In addition, since the elongation of the organs is different depending on each part of the organs, a tensile measuring sensor for each region is required. Therefore, various patterns having frequency bands which can be attached to various parts and do not cause interference between the sensor parts 10, The invention also includes the invention.

In order to measure the tensile change due to the long-term exercise, the tensile change is measured for each organ part by attaching the sensor part 10 to each part, and the interference between the sensor parts 10 attached to each organ part And a plurality of patterns having a frequency band that does not cause a distortion.

Conventional techniques for measuring the change in tension of organs used a method of observing long-term motility by measuring electrical signals that cause long-term muscle movement.

In addition, a method of observing long-term motility by measuring a magnetic field caused by an electrical signal causing muscle motion was used.

After injecting the contrast agent, a method of observing the long-term motility by observing the movement of the organ by X-ray was also used.

However, the above-described method of measuring electrical signals can only be measured by a wire, or continuous measurement is not possible.

Also, the method of measuring the magnetic field and the method of observing the motility of organs with X-rays after injecting the contrast agent have problems in that the measurement equipment is large or the measurement cost is high.

The fully inserted wireless tensile sensor of the present invention can continuously and quantitatively monitor long term mobility by wireless.

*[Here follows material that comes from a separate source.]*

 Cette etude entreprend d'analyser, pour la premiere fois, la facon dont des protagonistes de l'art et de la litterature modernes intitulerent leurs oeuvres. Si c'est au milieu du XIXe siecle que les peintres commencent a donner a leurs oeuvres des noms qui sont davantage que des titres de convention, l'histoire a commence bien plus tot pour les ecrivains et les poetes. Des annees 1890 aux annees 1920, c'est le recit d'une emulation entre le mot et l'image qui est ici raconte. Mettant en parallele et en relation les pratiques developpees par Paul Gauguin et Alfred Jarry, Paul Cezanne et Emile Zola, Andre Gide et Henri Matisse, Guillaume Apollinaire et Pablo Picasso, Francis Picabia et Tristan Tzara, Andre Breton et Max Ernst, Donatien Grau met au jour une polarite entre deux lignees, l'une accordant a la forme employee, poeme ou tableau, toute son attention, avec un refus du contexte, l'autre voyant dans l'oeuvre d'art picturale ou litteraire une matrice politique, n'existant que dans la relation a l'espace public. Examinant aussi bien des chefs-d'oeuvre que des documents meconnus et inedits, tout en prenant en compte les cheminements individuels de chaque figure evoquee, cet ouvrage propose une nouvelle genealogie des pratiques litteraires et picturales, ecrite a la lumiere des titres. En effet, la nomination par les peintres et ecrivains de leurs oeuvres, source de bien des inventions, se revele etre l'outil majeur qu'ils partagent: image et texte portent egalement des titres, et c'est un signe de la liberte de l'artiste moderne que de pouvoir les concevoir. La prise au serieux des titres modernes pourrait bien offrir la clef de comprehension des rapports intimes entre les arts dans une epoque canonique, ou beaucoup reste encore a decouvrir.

The external transmitting / receiving unit 20 that receives the resonance frequency of the sensor unit 10 is small, has good portability and portability, and can be used at a relatively low cost as compared with the measuring apparatus of the related art, as compared with the measuring apparatus of the related art Do.

The sensor unit 10 can sense a change in the tension of the organ without an internal power source. Electromagnetic waves transmitted from the outside are transmitted to the sensor unit 10, and electricity can flow into the sensor unit 10 by the transmitted electromagnetic waves. The inductance and the capacitance of the sensor unit 10 can form a resonance frequency by using the generated electricity. The tension change of the organ can be measured without an internal power source of the sensor unit 10.

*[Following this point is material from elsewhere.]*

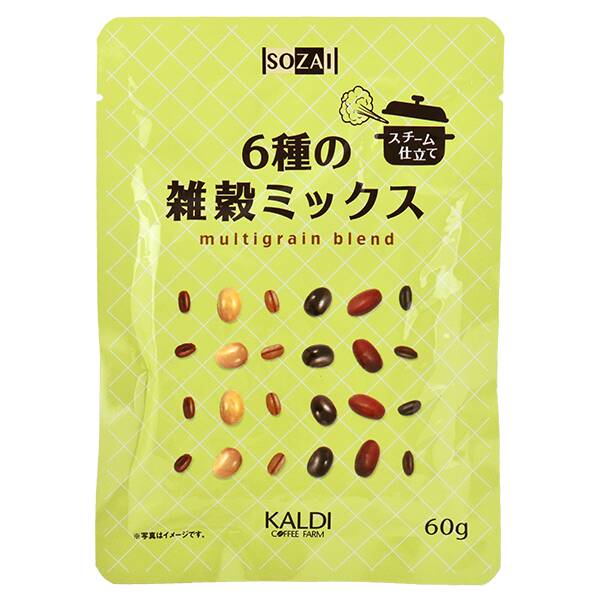 もち大麦・大豆・小豆・黒米・赤米・黒大豆の6種類が入った雑穀ミックスです。

Further, by attaching the sensor unit 10 to various parts of organs, various parts of the organ can be monitored.

2 and 3 disclose various embodiments of the configuration of the sensor unit 10 of the present invention.

FIG. 2 is a configuration diagram of a sensor unit 10 in which a capacitor is implemented as a pattern, according to an embodiment of the sensor unit 10 of the present invention.

As shown in FIG. 2, the sensor unit 10 can use a biocompatible material 11 that can cover an upper surface of a previously formed pattern while having elasticity.

The biocompatible material 11 may be selected from the group consisting of polyvinyl chloride, polyethylene, polystyrene, polyamide, latex, cellulose, acrylonitrile polymer, natural rubber, silicone rubber, various silicone polymers, polypropylene, metal, polyester, polytetrafluoroethylene , Polyurethane, acrylic polymer, PHEMA, PDMS (polydimethylsiloxane), nylon, polyamino acid, PAN (polyacrylonitrile), PGA, polyethylene terephthalate, chitosan, alginic acid and high density polyethylene.

The pattern of the sensor unit 10 can be made of a material 12 having elasticity and maintaining electrical connection.

The sensor unit 10 may be made of a material 12 such as silver nanowires that maintain elasticity and maintain electrical connection to maintain electrical connection. Silver nanowires were made of thin silver nanoscale thin sections with a diameter of silver cross section. Not only is it excellent in conductivity, but it is flexible and suitable for flexible electrodes. Especially, it can be produced by solution process, which enables mass production.

The pattern of the sensor unit 10 having a spiral shape and having an inductance may be configured as an element of the LC resonance circuit. In order for the sensor unit 10 to reflect a specific resonance frequency, an LC resonance circuit should be formed. For this purpose, the sensor unit 10 may include a pattern 15 having a spiral inductance.

The pattern 15 having an inductance is not limited to a spiral shape and may have various shapes.

The pattern of the sensor portion 10 has a capacitance, and the pattern 16 having a capacitance can be configured as an element of the LC resonance circuit.

The sensor unit 10 may be stretched or shrunk due to a change in the tension of the organ due to the long-term movement and the pattern 15 having the inductance of the sensor unit 10 may be increased or decreased so that the inductance of the sensor unit 10 may be changed .

The change in inductance of the sensor unit 10 leads to a change in the resonance frequency of the sensor unit 10 and the change in tension of the organ can be measured using the change in the resonance frequency.

The sensor unit 10 may include a first integrated circuit 13 storing unique ID information for distinguishing the sensor unit 10.

The first integrated circuit 13 may be an electronic device such as various kinds of sensors. For example, the first integrated circuit 13 may be a radio frequency identification (RFID) chip or a Bluetooth chip, and may be connected to various sensors used in electronic and medical devices, Can be used.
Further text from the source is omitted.